Notably absent from the report was any mention of today's greatest troublemakers, the Catalonians. This wasn't perhaps surprising, as the new constitution went a long way in acceding to Catalonian demands for autonomous government. It was this acceptance of Catalonia's wishes that left the drafters of the constitution in something of a pickle. Other regions had started to voice their desire for autonomous government. In the end, they decided to give every region autonomy, which is what exists today.

But had it not been for the intervention of the Civil War and then Franco, autonomy might have occurred earlier. The previous constitution of 1931 had paved the way for there to be regional autonomy. A draft statute for Balearics' autonomy was in fact approved in July of that year, but it was never put into effect. The reasons why were several. One was a disagreement as to whether the Balearics, lacking it was said a political tradition, should in fact form part of an autonomous Catalonia. Another was that, despite its approval, there were a great number of local authorities which hadn't been represented at an assembly held at Palma's Teatre Principal. The Menorcans were against the draft and so didn't show up and nor did representatives from various towns in Mallorca - Valldemossa, Muro, Ses Salines, to name but three.

The driving-force behind the draft statute was something known as the Association for Mallorcan Culture, and there was no one more important in this association than Joan Pons Marquès. Born in Soller in 1894, Pons was a writer, philosopher, historian and one of the leading intellectuals that Mallorca produced in the twentieth century. The Association, formed in 1923, had as its principal objective the promotion of Catalan culture in Mallorca. Between 1928 and 1936 it published a monthly magazine called "La nostra terra" which while eclectic in political views - both those of the left and of the Christian right - held firm to the notion of the Catalan language and to autonomy for the Balearics.

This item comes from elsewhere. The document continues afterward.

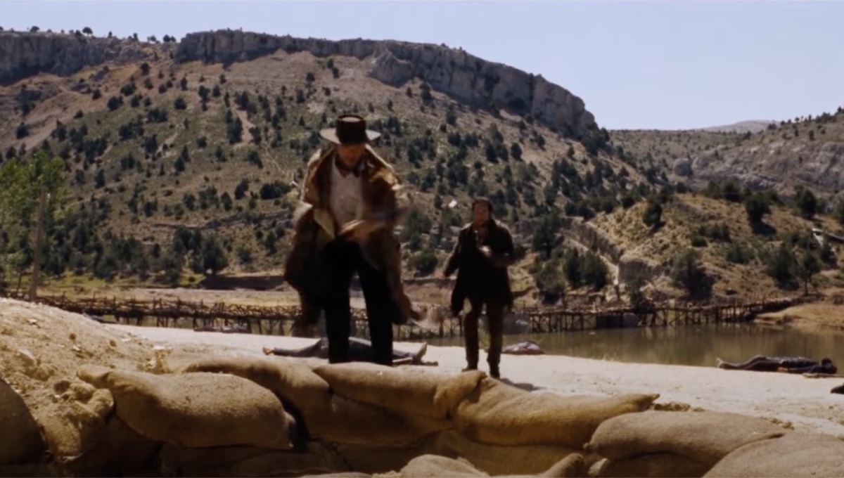 Far in the background of the upper right corner of a scene in which Clint Eastwood’s Blondie and Eli Wallach’s Tuco attach dynamite to the a in the classic Spaghetti Western The Good, the Bad, and the Ugly, a car can be spotted driving by. The film is set in 1862, and the automobile would not be invented until 1886. (Also, in the next scene, the pair are completely dry, despite having just been in the river.)

Pons had no truck with the notion of a pact of autonomy with Catalonia (the constitution didn't allow it anyway), which was something the heavily Republican Menorcans wanted. They, the Menorcans, also considered the whole Balearics' autonomy movement to have been a front for control by the man who would become Franco's banker, Joan March. Pons himself, while liberal, was of a centre-right political persuasion. His promotion of the Catalan language was not to prove to be an issue once Franco took charge. Indeed, he was president of the Societat Arqueològica Lulliana (an association which honoured the Mallorcan Ramon Llull) right through the period of the Franco regime until his death in 1971. It was an association which, despite its obvious Catalan connection, was never proscribed.

The 1931 constitution, drawn up by the Second Republic, was of course scrapped by Franco. Pons, an advocate of autonomy, bowed to the inevitable and a quiet, obedient life. It was to be 47 years from the drafting of the Balearics statute of autonomy before autonomy was once again to appear on the agenda.